What you will—and won't—find in this book.
The creative interpretation of fairy tales that began in The Wishing Spell continues enthusiastically, and kids will have fun comparing these versions with the originals. Several characters, notably Alex and Froggy, are very fond of books and learning, and some of their favorites, e.g. The Complete Works of Shakespeare and the adventure tales of Jules Verne, turn up in creative, often comical ways.

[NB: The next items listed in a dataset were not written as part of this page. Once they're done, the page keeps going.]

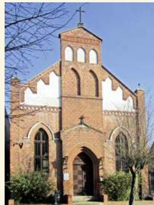
Ehemalige altlutherische Kirche in Brüssow

Auch im uckermärkischen Brüssow, etwa 50 Kilometer weiter nördlich, wurde 1859 eine altlutherische Kirche errichtet, ein Backsteinbau innerhalb der Straßenfront mit reich verziertem Giebel und einem turmartig erhöhten Mittelrisalit. Aus dem Städtchen Brüssow machten sich besonders viele Lutheraner, die mit der Union haderten, auf den Weg in die Neue Welt. Vielleicht war dies der Grund dafür, dass die schrumpfende Gemeinde ihr Gotteshaus bereits 1914 an den örtlichen Apotheker verkaufte, der es als Lageraum nutzte. Seit einigen Jahrzehnten ist in dem inzwischen der Stadt gehörenden ehemaligen Kirchengebäude ein Heimatmuseum untergebracht. Regelmäßig kommen Besucher aus den USA, die auf der Suche nach Spuren ihrer uckermärkischen Ahnen sind. Diese folgten damals den aufrüttelnden Predigten von Pastor Ehrenström und vielleicht einem Banner, das noch heute im Brüssower Heimatmuseum zu sehen ist. Es trägt die Aufschrift: Nach Amerika, ins Land der Freiheit! —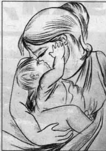
Мать и дочь.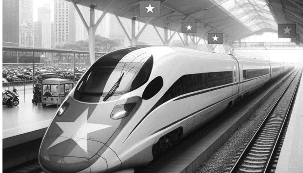
● Dự án đường sắt tốc độ cao Bắc - Nam là đường đôi, khổ 1.435mm, tốc độ thiết kế 350km/h, dự kiến tổng vốn đầu tư hơn 67 tỉ USD.

Theo quan sát của PLVN, tuy không phổ biến nhưng chuyện “lính thủy đánh bộ” ở ngành Giao thông đã từng diễn ra, khi nhiều năm trước PMU Đường thủy từng được Bộ giao nhiệm vụ chuẩn bị đầu tư Dự án cải tạo, mở rộng QL2. Trước nữa, PMU Thăng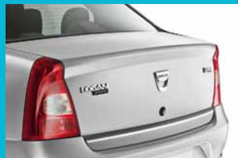
Zadná časť vozidla Dacia Logan s dokonale integrovanými svetlami a zadným nárazníkom.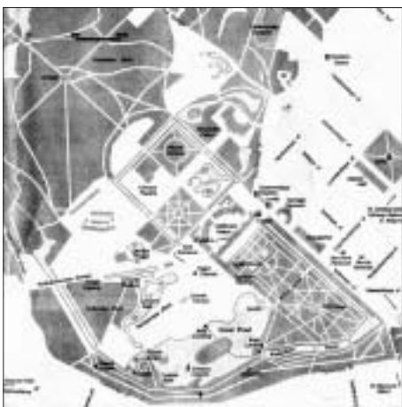
SL. 5. TLOCRT SKLOPA PUSKIN FIG. 5 PUSKIN COMPLEX; PLAN

telji protjeran u Jekaterinberg. 11 Uslijedila je revolucija 1917. godine. 12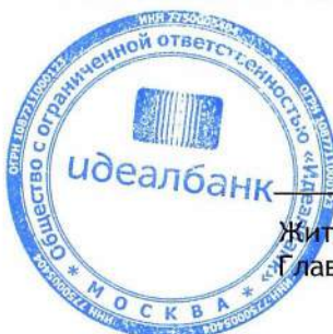
Житарева М.Б., Главный бухгалтер

Примечания на страницах с 11 по 50 составляют неотъемлемую часть данной финансовой отчетности.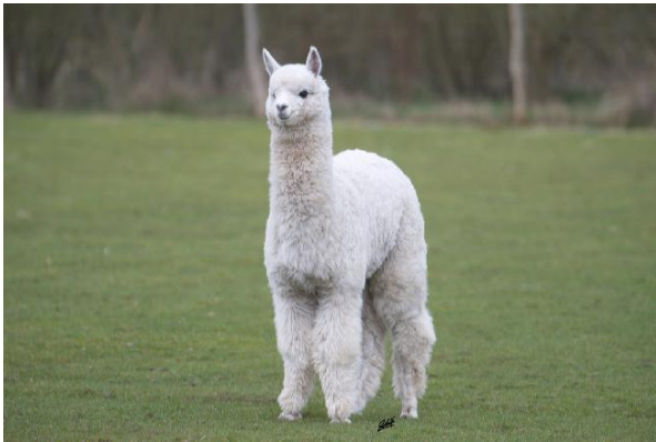
Alpaca Photo 3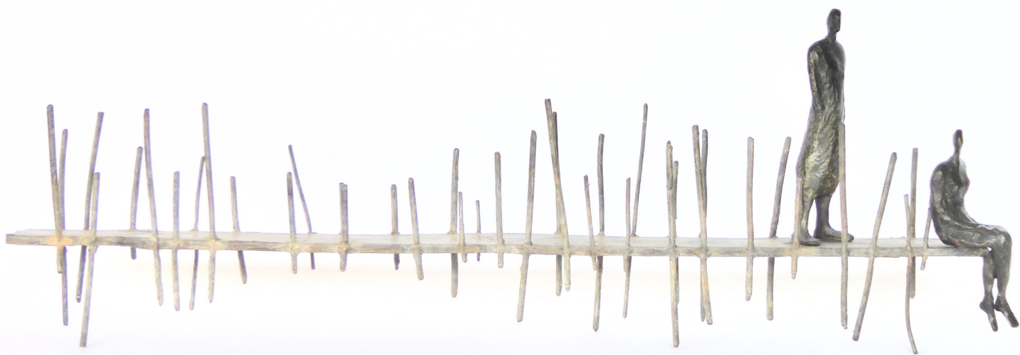
L'espace temps et nous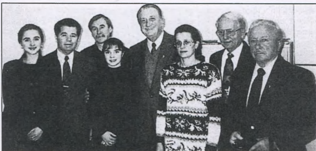
Зустріч з олімпійською чемпіонкою гімнастики – Л. Подкопаєвою (друга справа) після Олімпіади в Атланті 1996 р. A meeting with the Olympic gymnastics champion L. Podkopaeva (second from right), after the 1996 Atlanta Olympiad.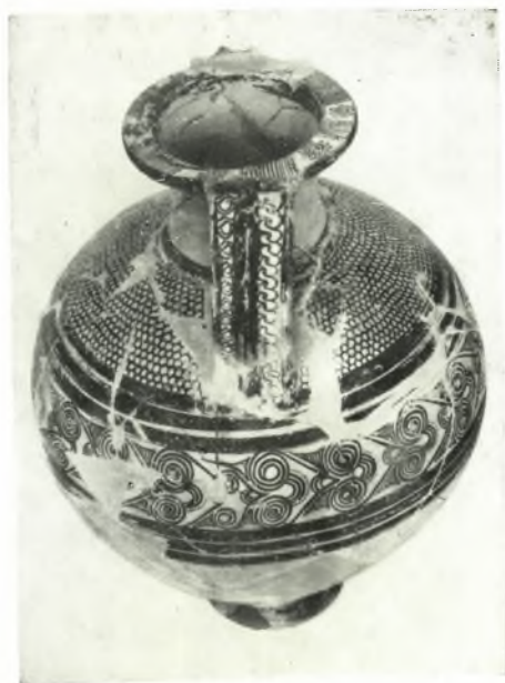
γ. Λεπτομέρεια διακοσμῆσεως τοῦ παραπλεύρως ἀμφορέως.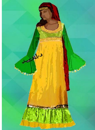
شكل (٢١) زي نسائي نوبي تصميم الباحثة من ألوان مختلفة زاهية و مطرز للغناء و الرقص مستوحى من شكل (٧)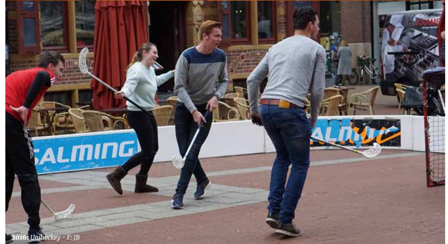
2016: Unihockey - F: JB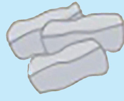
コークス炉 化学原料化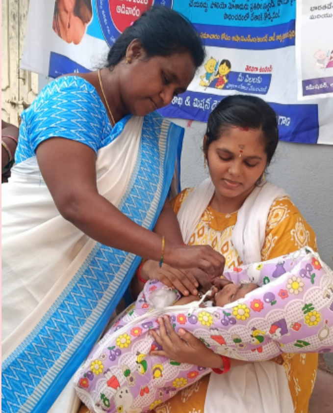
పెద్దపల్లి, ప్రతినది జూన్ 28 ( తెలంగాణ పత్రిక )

తెలంగాణలో ఐదేళ్లలోపు చిన్నారులందరికీ పల్స్ పోలియో చుక్కలు అందించే రాష్ట్రవ్యాప్త కార్యక్రమం జూన్ 28న ప్రారంభం కానుంది. ఈ ప్రత్యేక టీకా కార్యక్రమంలో పుట్టిన శిశువుల నుంచి ఐదేళ్లలోపు ప్రతి చిన్నారికి పోలియో చుక్కలు వేయాలని ప్రభుత్వం నిర్ణయించింది. తల్లిదండ్రులు తమ పిల్లలను తప్పనిసరిగా సమీప పల్స్ పోలియో కేంద్రాలకు తీసుకువచ్చి టీకాలు వేయించాలని విజ్ఞప్తి చేశారు. రాష్ట్రంలోని ఏ చిన్నారి కూడా ఈ కార్యక్రమానికి దూరం కాకుండా అన్ని చర్యలు తీసుకున్నామని పోలియో కెందర్స్ వల్ల వచ్చే ప్రమాదకరమైన వ్యాధి అని, దీనికి చికిత్స కంటే నివారణే ఉత్తమ మార్గమని తెలియచేసి పోలియో వ్యాధిని పూర్తిగా నిర్మూలించాలంటే ప్రతి చిన్నారికి తప్పనిసరిగా పోలియో చుక్కలు వేయించాలని తల్లిదండ్రులకు సూచించారు. ఐదేళ్లలోపు పిల్లలను సమీప పోలియో కేంద్రాలకు తీసుకువచ్చి చుక్కలు వేయించాలన్నారు. ఈ కార్యక్రమంలో వైద్య సిబ్బంది, ఆశా కార్యకర్తలు, అంగన్వాడీ సిబ్బంది, గ్రామ పెద్దలు పాల్గొన్నారు.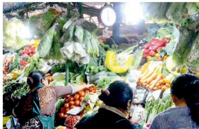
Productos de consumo básico en un mercado. HERNÁN ANDÍA

Variación. Los productos que más subieron fueron el tomate y la cebolla; el que más bajó, el transporte interdepartamental.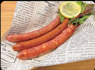
牛タン3種ウィンナー ¥1,100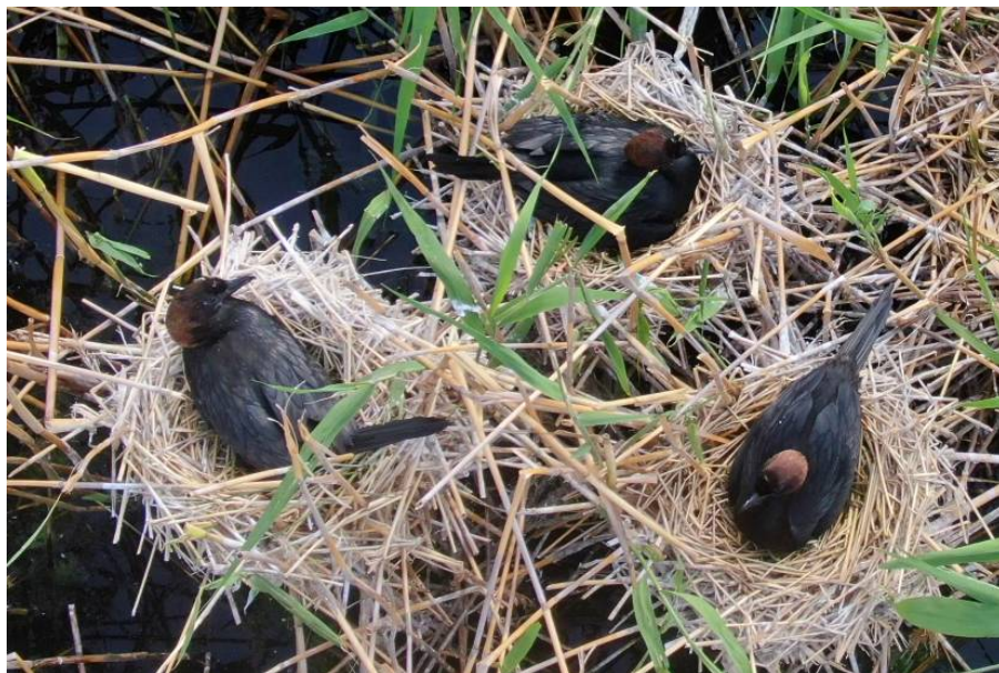
Рис. 3. Малые бакланы на гнёздах, оз. Мал. Донки, 18 июня 2025 г. [ Fig. 3. Pygmy Cormorants on nests, Lake Malye Donki, 18 June 2025]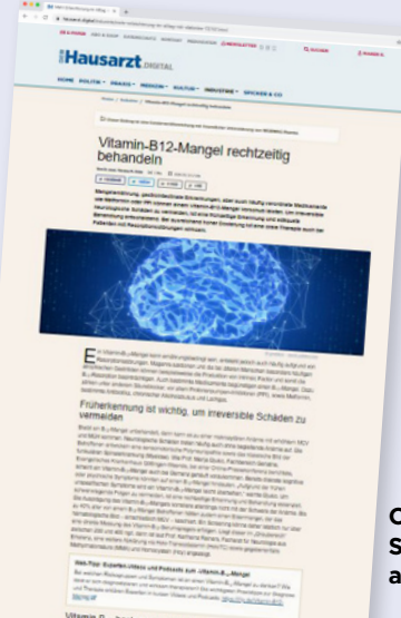
Online Streckenverlängerung aus Print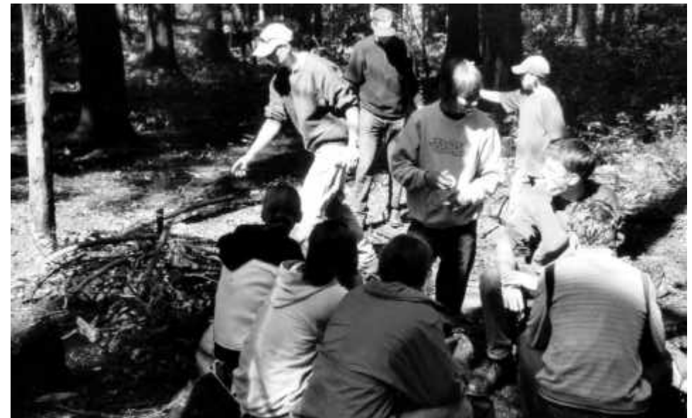
Läufer/innen versuchen ein Feuer zu entfachen, ob das wohl klappt....?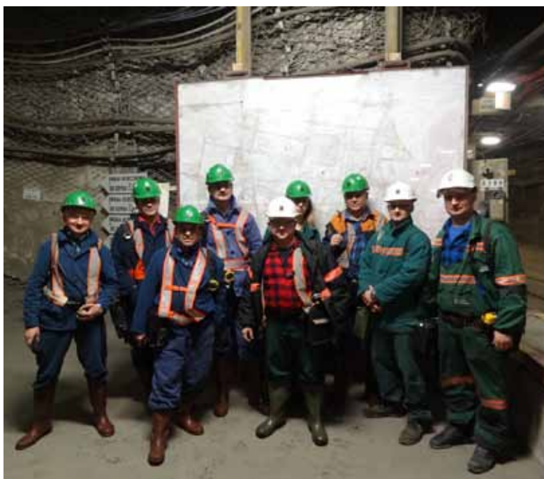
FOT. Z WYDZIAŁU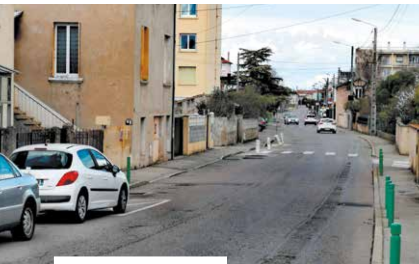
La rue Jean-Bart

Cette année, la municipalité s'engage dans un plan de travaux de voirie conséquent.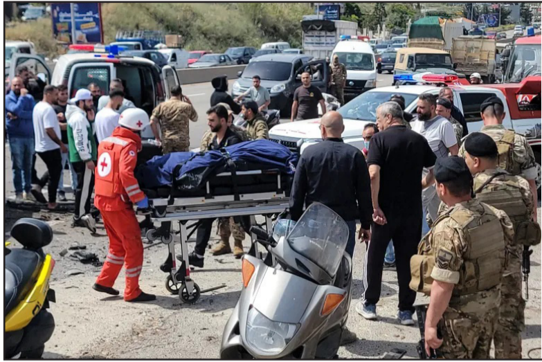
ኮም ዝቃወም እዩ ዝጠልጽ ዘሎ።

አብ ሰሜን እስራኤልን አብ ደቡባዊ ሊባኖስ አብ ልዕሊ ዝርከቡ ሓይልታት እስራኤልን መጥቃዕቲ ክብሪ ዝጸኑሉ ሕዝባዊ ነቲ አብ አመልኪ ዝቐረጹ ዝርከቡ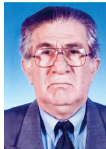
Γράφει ο Παναγιώτης Παπαδόπουλος Φιλολόγος

«Πάσχα, Κυρίου Πάσχα. Πάσχα πανσεβάσμιον ημίν ανέτειλε».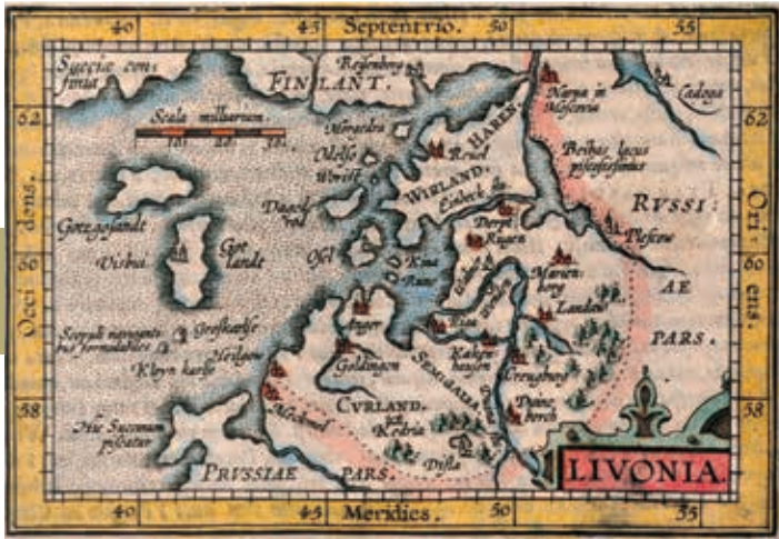
Oude kaart van Lijfland.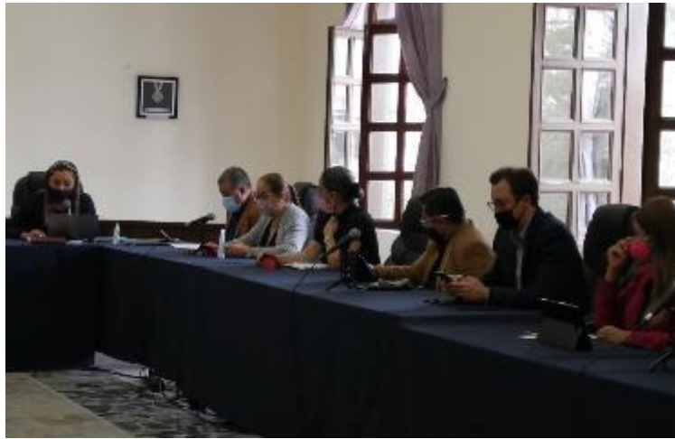
24 DE JUNIO 2020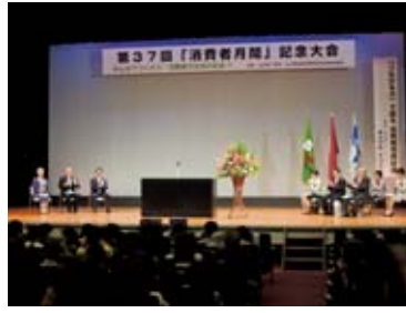
昨年の開催会場、萩市で行われた記念大会の様子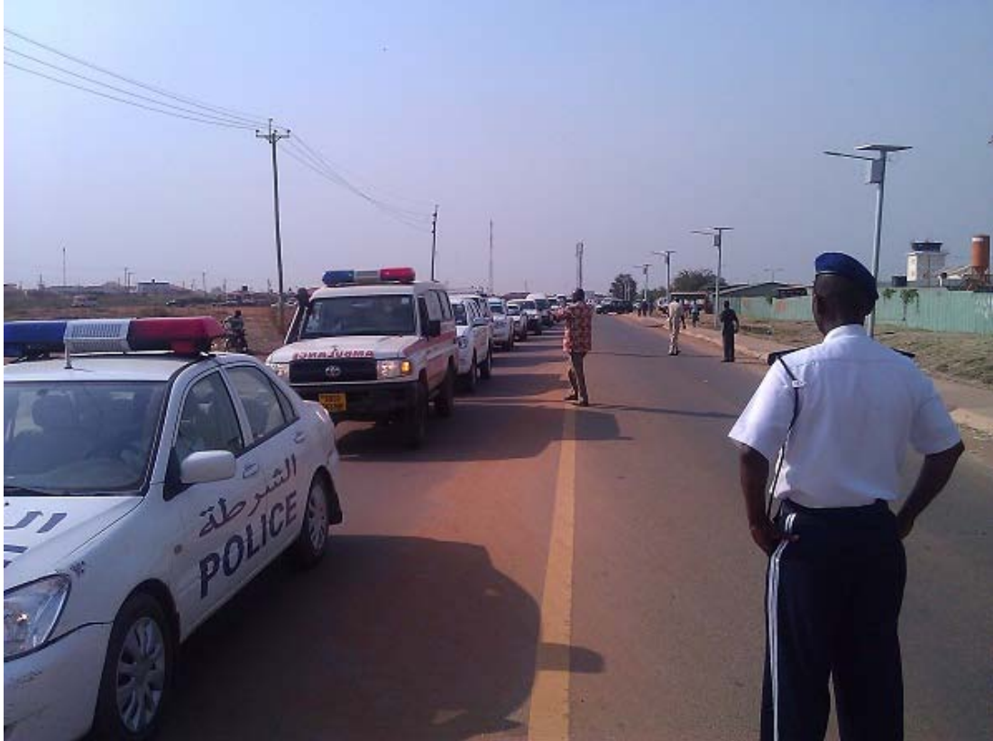
የግርማዊነታቸው አስከሬን ወደ ጁባ ሲጓጓዝ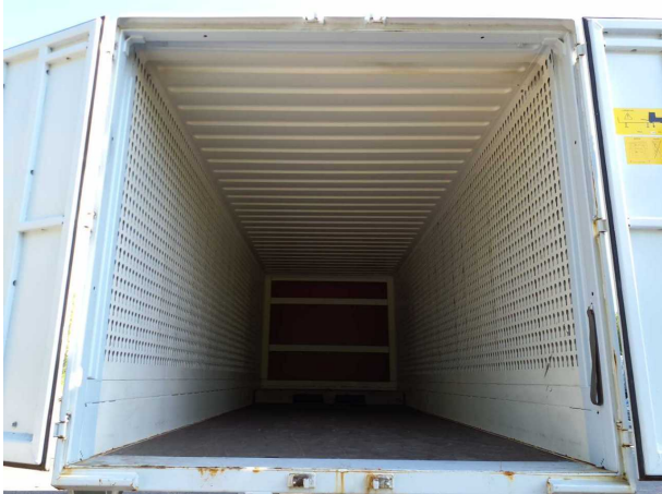
Abbildung 3: Innenraum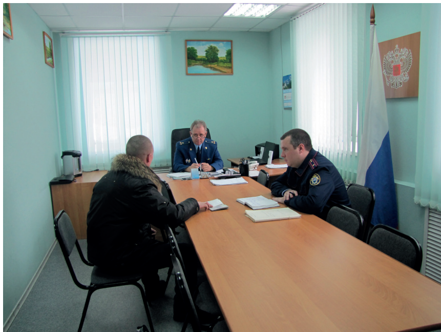
На приеме у прокурора

Ранее первый этаж здания занимали иные организации Чановского района (пенсионный фонд, ЗАГС), в настоящее время все 2 этажа заняты прокуратурой Чановского района.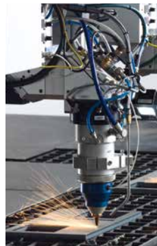
Zwei Laserköpfe im Parallel ermöglichen eine Verdopplung der Schneidleistung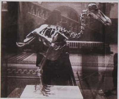
UN GRAN POLLO. Arriba, 'El dodo de Edward', pintado por Roelandt Severy en 1626, y esqueleto de esta ave en el Museo de Historia Natural de Londres. A la derecha, reconstrucción de una persecución.

Strong messages regarding the bonds of family and friendship, the many benefits of teamwork, and why forgiveness is better than revenge.
Positive Role Models
Conner, Alex, and their friends and family members often show courage, determination, and creativity in coming to the aid of those who need it, whether they're saving the world or dealing with relationship issues. Over the course of the story, several characters learn a lot about themselves and how to deal with their responsibilities.
Violence & Scariness
There's not much gore, but there's both emotional and physical violence galore: the Evil Enchantress kidnaps and imprisons the twins' mother and a baby, among her other victims; she also destroys the only thing a character loves, just for the fun of destroying it. Many people and other beings are killed in vain attempts to withstand her, though the carnage takes place offscreen. The Enchantress also keeps in tiny jars the souls of various people who've crossed her. More comically, the swashbuckling Goldilocks urges Alex to bring a sword to school to deal with the mean girls.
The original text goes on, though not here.